I've been looking at the Catnap bootleg and several questions sprang to mind.
The source looks very good, like a fresh print. The image is stable, the colours are good. Could this be from a privately owned 16mm or 35mm print? I didn't watch it all the way through, but did anyone spot any reel-change markers, which would prove this was from a theatrical print?
The print used is in such good condition, that it had to be videotaped very close to the original release date, within a couple of years I suspect. That would mean it was made with late 70's, possibly early 80's videocameras.
But.... To me, this just doesn't look like it was camcorded with vintage equipment. There is very little tape noise for one. Also, the black levels pumping to blue seem to be a result of the video cameras auto-adjusting to the available light. Was such a feature available on the early video cameras of the 70's/80's?
Then again, this doesn't look videotaped at all. It looks telecined, more like Puggo's 16mm project. The color bars at the beginning would not be on a film print, would they? So what is the source of this boot? The black-level pumping could also occur with a telecine. Also, if this was filmed off a screen, the video camera would most likely blow out the bright sky at scene changes (which you see in my Jedi boot when the scenes change from dark space to daylight Tatooine). This does not happen on the Catnap version. The clouds are in fact very well preserved on that version. I would have expected the sky to be blown out to white if this was camcorded. This has all the characteristics of being telecined. Even the fact that it is in widescreen bears this out. 9 out of 10 camcorded bootlegs were centered/cropped to appeal to a mass (pirate) audience. This boot does not seem to be made with mass distribution in mind.
And the quality of the tape used for the transfer to DVD looks to be first or second generation analog video. This was not a dub of a dub of a dub like most bootlegs going around (mine included). Yes, this tape could be straight from the horse's mouth, from the very individual who taped it off the screen in the 70's, but how often does that happen...?
The DVD version we've been sharing has also had some post-processing done to it. The black bars are electronic, not part of the original capture which would have been 4x3 analog video. The cropping of Greedo's subs indicate quite a lot was lost. I would very much like to see the raw, source tape used before the cropping was applied. (Moth3rs source tape was most revealing in this respect. Video noise across the black bars etc.) The VOBS are dated generically 01.01.2000 00:00, and the menu looks to be from a Philips domestic DVD recorder from that time. The PAL recording also indicates a European source for this film.
So, where am I going with this?
The Catnap bootleg seems like it was made much more recently than the 80's, camcorded/telecined or not, which it obviously couldn't be, because noone would have access to a Pre ANH film print that would look so fresh at this time.
Which got me thinking. Could a "bootleg" be faked today, and would we, the OT forum members, be fooled?

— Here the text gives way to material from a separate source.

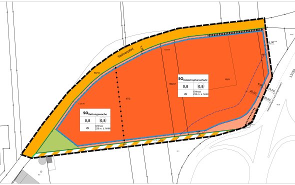 „Sonderbauflächen, Zweckbestimmung DRK-Rettungswache sowie DRK-Katastrophenschutz“ im Bereich „Wehrenpfad“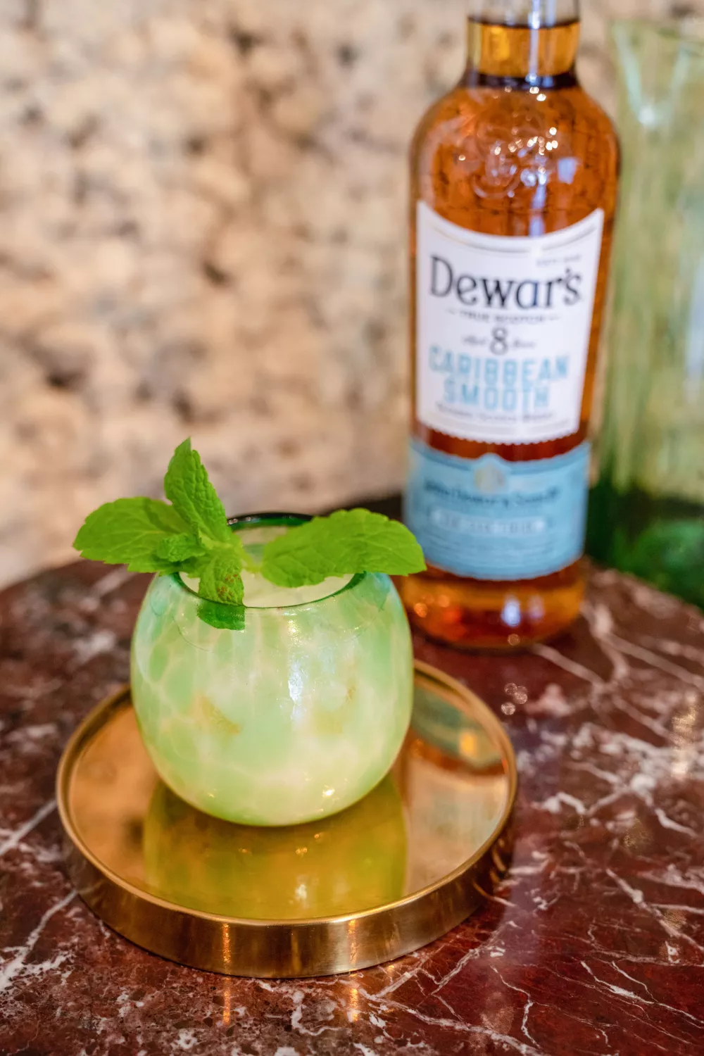 Deze Caribbean Sour verenigt de zachte, tropische tonen van Dewars Caribbean Smooth whisky met ananassap en vers citroensap, en krijgt een verrassend warm accent van kaneel. Een lepel yoghurt geeft romige body terwijl krachtig shaken en strainen in een tumbler met ijs zorgt voor een frisse, fluweelachtige textuur. Maak de kaneelsiroop zelf door suiker en water met een kaneelstokje te verwarmen en te laten trekken, garneer met munt en serveer als zomers aperitief of als feestelijke wintercocktail.

What if I popped in my GOUT DVD (the commercial one), projected that on my setup with my HD projector, and then camcorded the screen with my 1998 VHS-C camera. Then used the VHS-C tapes as a source for a transfer to a DVD/HD recorder? The inherent degrading of the image, the analog characteristics of the camera, the flickering, the VHS tapes used, the glitches where the tapes were changed, they would all mask the DVD source. Not to mention all the degrading that could be added in post. Then revealed this on the "scene" as some recently discovered (out of the blue) holy grail bootleg. Would we be fooled?
Now, I'm not saying that's what Catnap did. What would be the motivation? The source is obviously dirtier than any of the commercially available transfers of the GOUT (but the dirt, hairs and blemishes could easily be faked in the digital domain if one wished). It's just that this Catnap version doesn't add up to me. Too stable image, too fresh colours, too little print damage, too few analog copies of copies characteristics. Too good to be true.
(Then again, my own Empire boot is too good to be true also.)